■ **Work task**: The copy you give must match the listing below exactly and contain no pictures.

■ **Dataset section**:
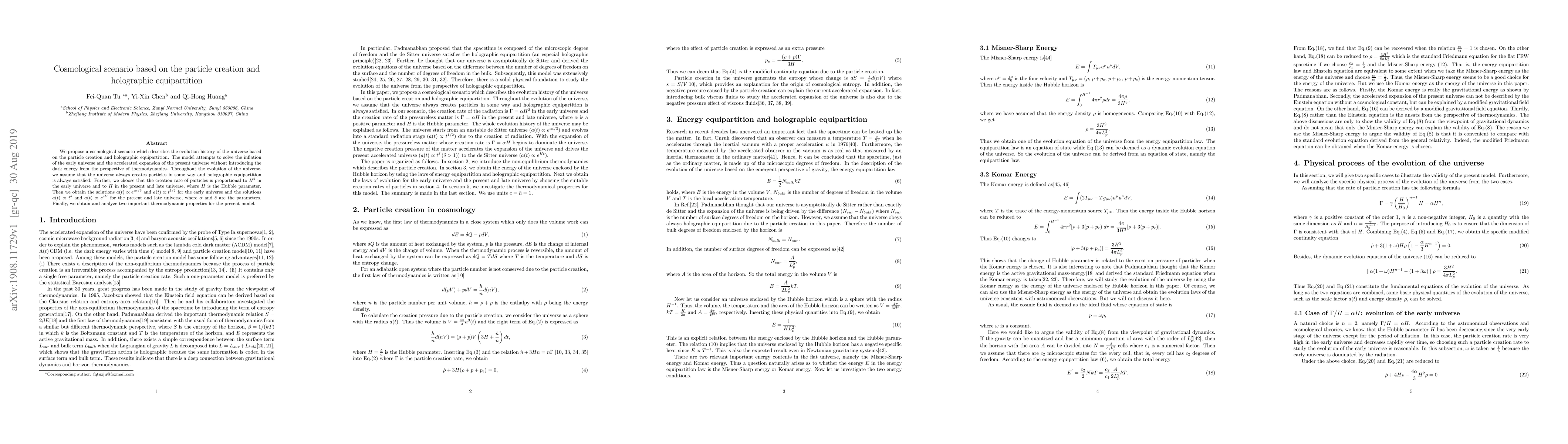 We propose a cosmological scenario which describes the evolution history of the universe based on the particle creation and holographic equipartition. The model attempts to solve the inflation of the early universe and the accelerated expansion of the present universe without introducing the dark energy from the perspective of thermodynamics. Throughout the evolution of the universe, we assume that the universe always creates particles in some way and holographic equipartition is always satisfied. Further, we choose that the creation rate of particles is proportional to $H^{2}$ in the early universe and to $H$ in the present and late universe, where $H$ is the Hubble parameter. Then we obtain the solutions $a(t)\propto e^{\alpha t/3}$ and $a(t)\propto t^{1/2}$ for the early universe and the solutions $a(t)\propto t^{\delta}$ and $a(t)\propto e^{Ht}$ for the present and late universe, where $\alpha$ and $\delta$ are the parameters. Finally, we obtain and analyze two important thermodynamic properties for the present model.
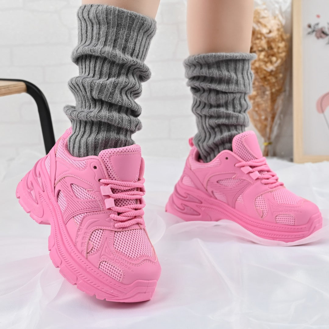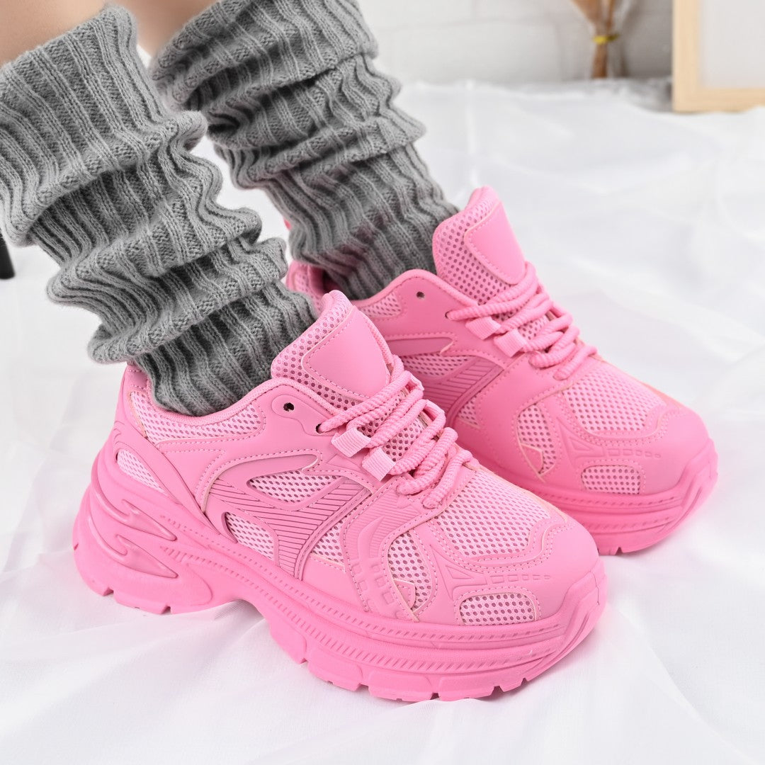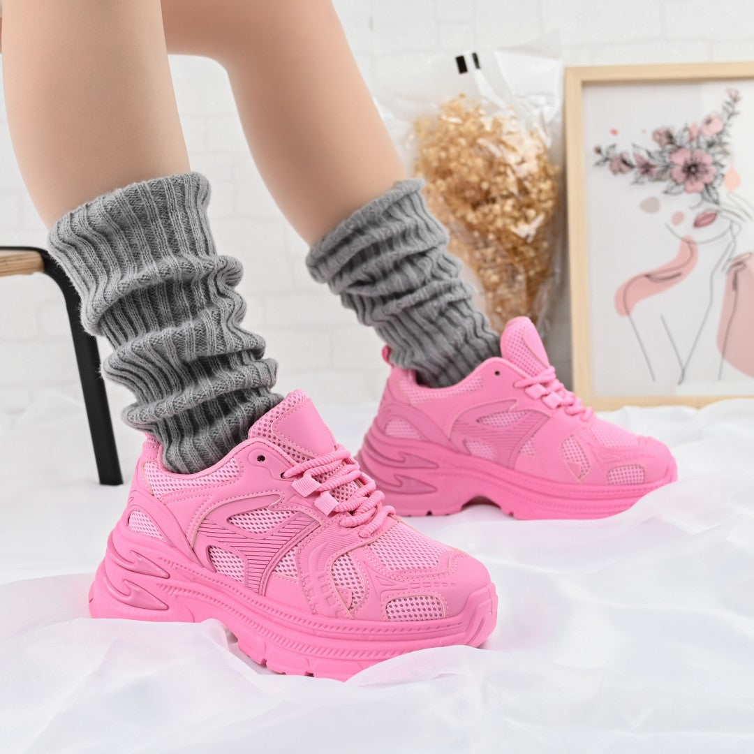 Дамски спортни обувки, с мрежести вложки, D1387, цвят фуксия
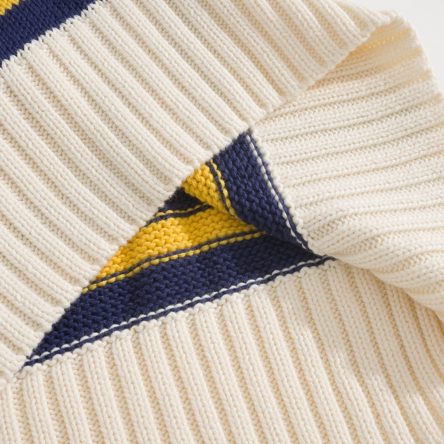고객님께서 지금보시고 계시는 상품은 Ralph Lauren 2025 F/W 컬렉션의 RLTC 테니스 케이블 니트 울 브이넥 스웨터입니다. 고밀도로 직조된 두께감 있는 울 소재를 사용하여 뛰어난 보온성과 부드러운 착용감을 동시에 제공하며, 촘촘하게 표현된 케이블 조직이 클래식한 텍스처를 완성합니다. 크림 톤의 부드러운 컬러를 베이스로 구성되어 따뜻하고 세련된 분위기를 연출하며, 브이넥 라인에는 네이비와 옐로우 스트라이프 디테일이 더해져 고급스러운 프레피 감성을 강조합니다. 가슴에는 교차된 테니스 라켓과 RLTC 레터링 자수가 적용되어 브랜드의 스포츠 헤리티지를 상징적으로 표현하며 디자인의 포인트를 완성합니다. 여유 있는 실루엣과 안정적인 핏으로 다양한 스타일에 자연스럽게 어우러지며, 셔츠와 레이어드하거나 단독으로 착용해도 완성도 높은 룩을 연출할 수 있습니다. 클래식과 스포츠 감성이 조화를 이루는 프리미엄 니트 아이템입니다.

■ **Exercise answer**:
 We propose a cosmological scenario which describes the evolution history of the universe based on the particle creation and holographic equipartition. The model attempts to solve the inflation of the early universe and the accelerated expansion of the present universe without introducing the dark energy from the perspective of thermodynamics. Throughout the evolution of the universe, we assume that the universe always creates particles in some way and holographic equipartition is always satisfied. Further, we choose that the creation rate of particles is proportional to $H^{2}$ in the early universe and to $H$ in the present and late universe, where $H$ is the Hubble parameter. Then we obtain the solutions $a(t)\propto e^{\alpha t/3}$ and $a(t)\propto t^{1/2}$ for the early universe and the solutions $a(t)\propto t^{\delta}$ and $a(t)\propto e^{Ht}$ for the present and late universe, where $\alpha$ and $\delta$ are the parameters. Finally, we obtain and analyze two important thermodynamic properties for the present model.
 Дамски спортни обувки, с мрежести вложки, D1387, цвят фуксия
고객님께서 지금보시고 계시는 상품은 Ralph Lauren 2025 F/W 컬렉션의 RLTC 테니스 케이블 니트 울 브이넥 스웨터입니다. 고밀도로 직조된 두께감 있는 울 소재를 사용하여 뛰어난 보온성과 부드러운 착용감을 동시에 제공하며, 촘촘하게 표현된 케이블 조직이 클래식한 텍스처를 완성합니다. 크림 톤의 부드러운 컬러를 베이스로 구성되어 따뜻하고 세련된 분위기를 연출하며, 브이넥 라인에는 네이비와 옐로우 스트라이프 디테일이 더해져 고급스러운 프레피 감성을 강조합니다. 가슴에는 교차된 테니스 라켓과 RLTC 레터링 자수가 적용되어 브랜드의 스포츠 헤리티지를 상징적으로 표현하며 디자인의 포인트를 완성합니다. 여유 있는 실루엣과 안정적인 핏으로 다양한 스타일에 자연스럽게 어우러지며, 셔츠와 레이어드하거나 단독으로 착용해도 완성도 높은 룩을 연출할 수 있습니다. 클래식과 스포츠 감성이 조화를 이루는 프리미엄 니트 아이템입니다.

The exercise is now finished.